[[ Excerpted records, beginning ]]

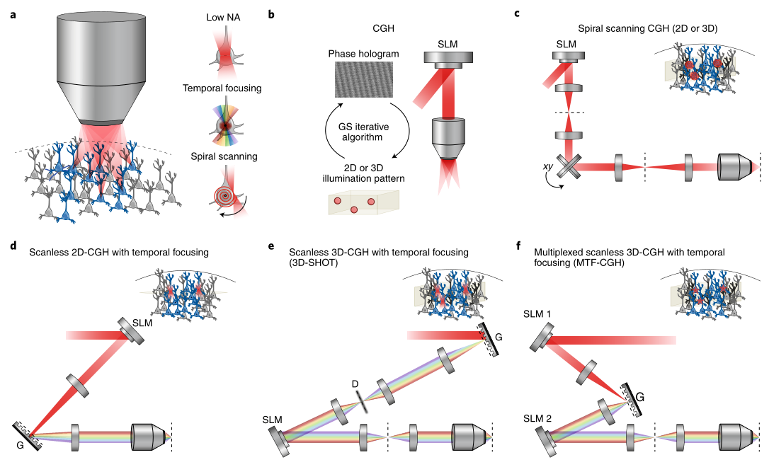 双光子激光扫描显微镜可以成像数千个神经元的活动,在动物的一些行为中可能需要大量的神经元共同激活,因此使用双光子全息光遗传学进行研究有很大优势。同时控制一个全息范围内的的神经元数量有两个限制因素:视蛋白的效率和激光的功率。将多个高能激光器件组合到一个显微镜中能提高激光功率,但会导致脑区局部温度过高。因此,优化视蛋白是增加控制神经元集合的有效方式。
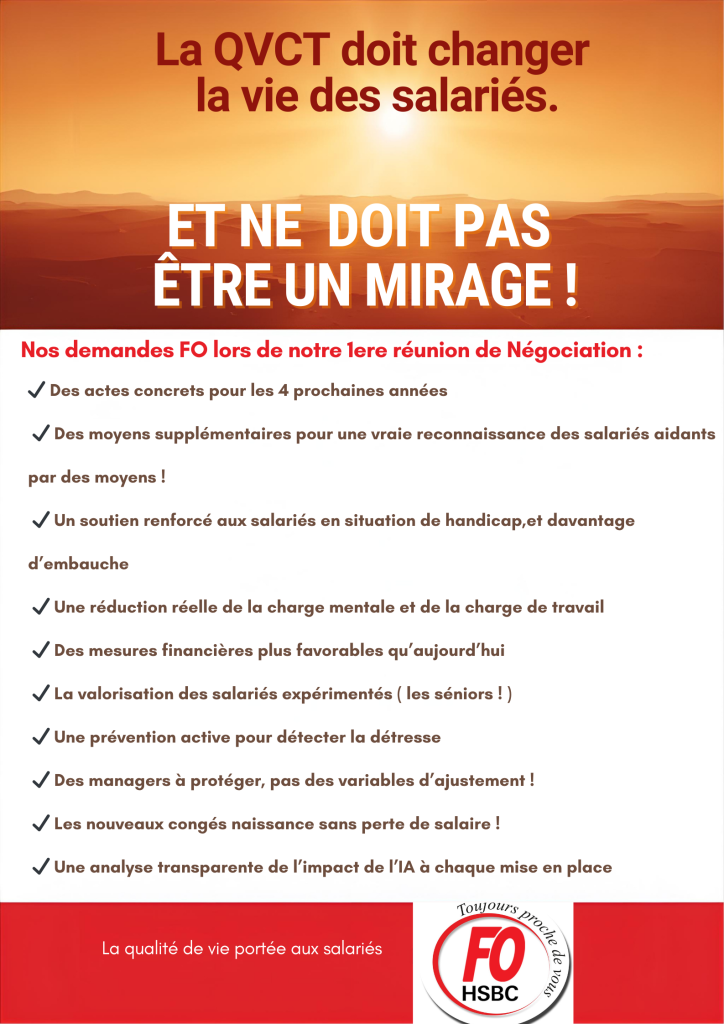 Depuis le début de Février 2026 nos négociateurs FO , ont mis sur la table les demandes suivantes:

[[ Excerpted records, end ]]
[[ Excerpted records, beginning ]]

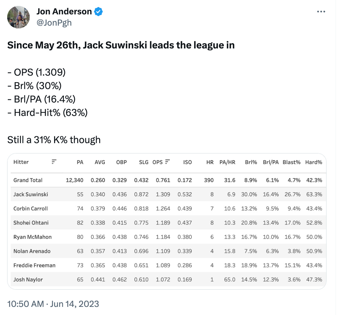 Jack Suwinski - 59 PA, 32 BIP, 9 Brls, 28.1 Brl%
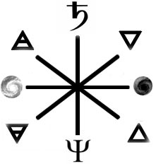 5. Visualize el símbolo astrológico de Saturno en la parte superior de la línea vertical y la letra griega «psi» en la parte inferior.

[[ Excerpted records, end ]]

* [What is needed]
Although pictures appear among the entries, please set down only the lines from the one with "Jack Suwinski - 59" up to and including the one with "5. Visualize el", word for word.

* [Problem solution]
 Jack Suwinski - 59 PA, 32 BIP, 9 Brls, 28.1 Brl%
 5. Visualize el símbolo astrológico de Saturno en la parte superior de la línea vertical y la letra griega «psi» en la parte inferior.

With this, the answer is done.